→ Prompt
Your response to the data below should hold nothing except the lines from the one containing "今堀 齒矢田さんの総格は40画の2点" down to the one containing "Dozer is 9,5", reproduced exactly and without pictures.

→ Data listing
^^^^^^^^^^^^^^^^

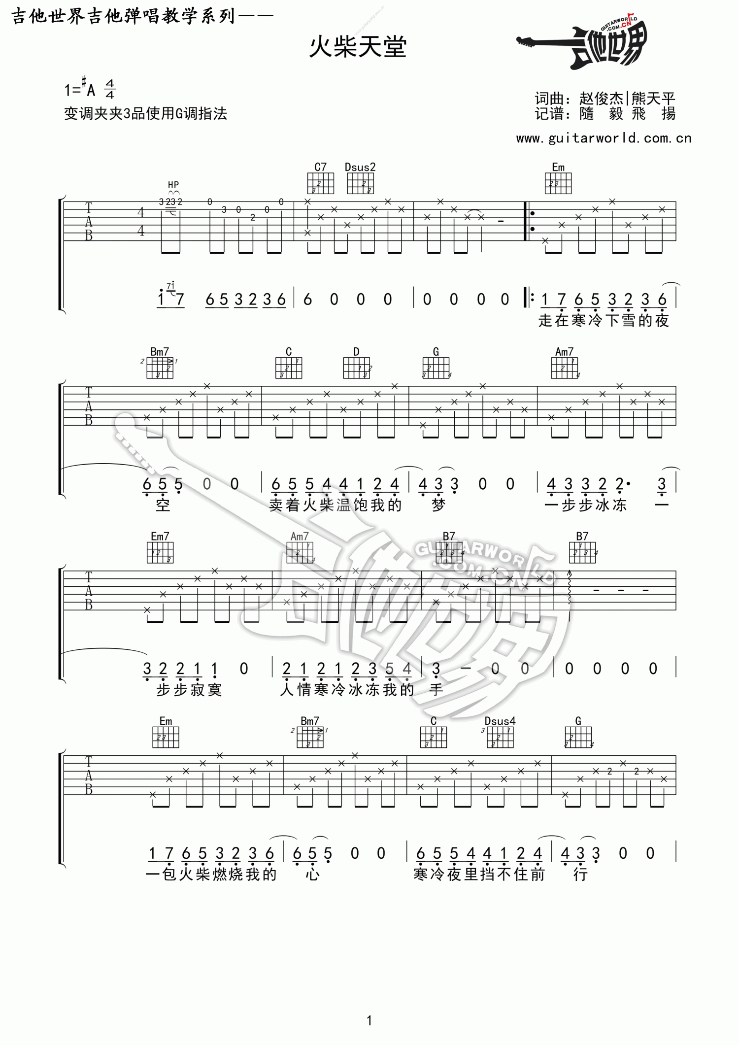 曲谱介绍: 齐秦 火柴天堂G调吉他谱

^^^^^^^^^^^^^^^^

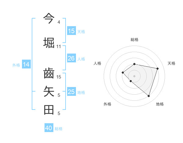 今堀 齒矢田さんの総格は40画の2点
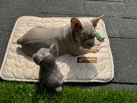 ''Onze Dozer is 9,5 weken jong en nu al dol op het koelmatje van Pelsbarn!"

^^^^^^^^^^^^^^^^

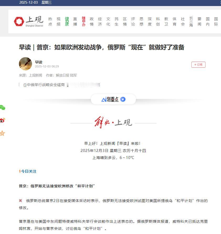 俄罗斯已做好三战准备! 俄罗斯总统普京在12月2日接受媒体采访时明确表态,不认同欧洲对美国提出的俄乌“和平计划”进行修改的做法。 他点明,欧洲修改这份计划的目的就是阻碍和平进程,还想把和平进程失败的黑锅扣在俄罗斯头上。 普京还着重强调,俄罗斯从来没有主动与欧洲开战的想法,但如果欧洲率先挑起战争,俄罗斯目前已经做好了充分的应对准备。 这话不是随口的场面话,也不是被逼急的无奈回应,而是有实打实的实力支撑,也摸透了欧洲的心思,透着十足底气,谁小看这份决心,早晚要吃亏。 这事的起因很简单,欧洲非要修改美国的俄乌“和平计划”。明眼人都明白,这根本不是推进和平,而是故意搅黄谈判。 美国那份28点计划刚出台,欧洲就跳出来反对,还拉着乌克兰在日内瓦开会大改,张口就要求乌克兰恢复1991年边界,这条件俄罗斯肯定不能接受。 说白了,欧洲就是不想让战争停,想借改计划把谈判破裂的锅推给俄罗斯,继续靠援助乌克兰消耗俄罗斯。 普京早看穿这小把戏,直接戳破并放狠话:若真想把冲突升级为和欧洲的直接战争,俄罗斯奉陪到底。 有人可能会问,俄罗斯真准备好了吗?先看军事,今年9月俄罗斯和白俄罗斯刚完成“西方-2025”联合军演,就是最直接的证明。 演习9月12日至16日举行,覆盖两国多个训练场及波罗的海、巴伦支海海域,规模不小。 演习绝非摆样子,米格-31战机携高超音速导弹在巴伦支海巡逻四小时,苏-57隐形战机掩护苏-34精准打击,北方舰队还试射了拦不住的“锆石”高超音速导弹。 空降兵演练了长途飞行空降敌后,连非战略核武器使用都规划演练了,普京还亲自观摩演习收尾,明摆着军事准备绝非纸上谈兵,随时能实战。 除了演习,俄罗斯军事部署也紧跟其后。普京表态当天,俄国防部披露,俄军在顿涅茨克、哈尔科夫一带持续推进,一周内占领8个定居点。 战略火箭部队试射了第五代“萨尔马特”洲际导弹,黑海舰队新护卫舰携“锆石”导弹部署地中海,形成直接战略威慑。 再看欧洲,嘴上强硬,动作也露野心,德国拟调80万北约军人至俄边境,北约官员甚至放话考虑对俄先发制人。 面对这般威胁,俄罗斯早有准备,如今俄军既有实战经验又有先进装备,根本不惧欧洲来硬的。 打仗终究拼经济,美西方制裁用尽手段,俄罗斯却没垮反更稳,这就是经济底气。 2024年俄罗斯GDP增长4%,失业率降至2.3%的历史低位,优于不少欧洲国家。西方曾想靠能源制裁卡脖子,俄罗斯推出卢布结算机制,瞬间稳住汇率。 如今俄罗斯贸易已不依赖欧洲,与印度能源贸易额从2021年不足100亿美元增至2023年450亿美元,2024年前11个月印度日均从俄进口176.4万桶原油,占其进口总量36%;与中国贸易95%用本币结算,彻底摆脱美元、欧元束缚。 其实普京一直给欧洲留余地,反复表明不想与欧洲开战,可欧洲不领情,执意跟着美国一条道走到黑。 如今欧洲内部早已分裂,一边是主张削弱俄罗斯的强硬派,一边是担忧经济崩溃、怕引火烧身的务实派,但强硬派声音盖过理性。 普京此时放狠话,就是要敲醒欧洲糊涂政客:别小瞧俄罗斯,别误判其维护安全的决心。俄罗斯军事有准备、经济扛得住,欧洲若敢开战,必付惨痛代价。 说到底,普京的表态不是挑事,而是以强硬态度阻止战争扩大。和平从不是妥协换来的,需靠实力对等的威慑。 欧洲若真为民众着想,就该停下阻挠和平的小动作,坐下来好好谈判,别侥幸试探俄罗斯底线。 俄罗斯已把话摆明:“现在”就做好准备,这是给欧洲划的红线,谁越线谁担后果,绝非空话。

^^^^^^^^^^^^^^^^

→ Exercise response
 今堀 齒矢田さんの総格は40画の2点
 ''Onze Dozer is 9,5 weken jong en nu al dol op het koelmatje van Pelsbarn!"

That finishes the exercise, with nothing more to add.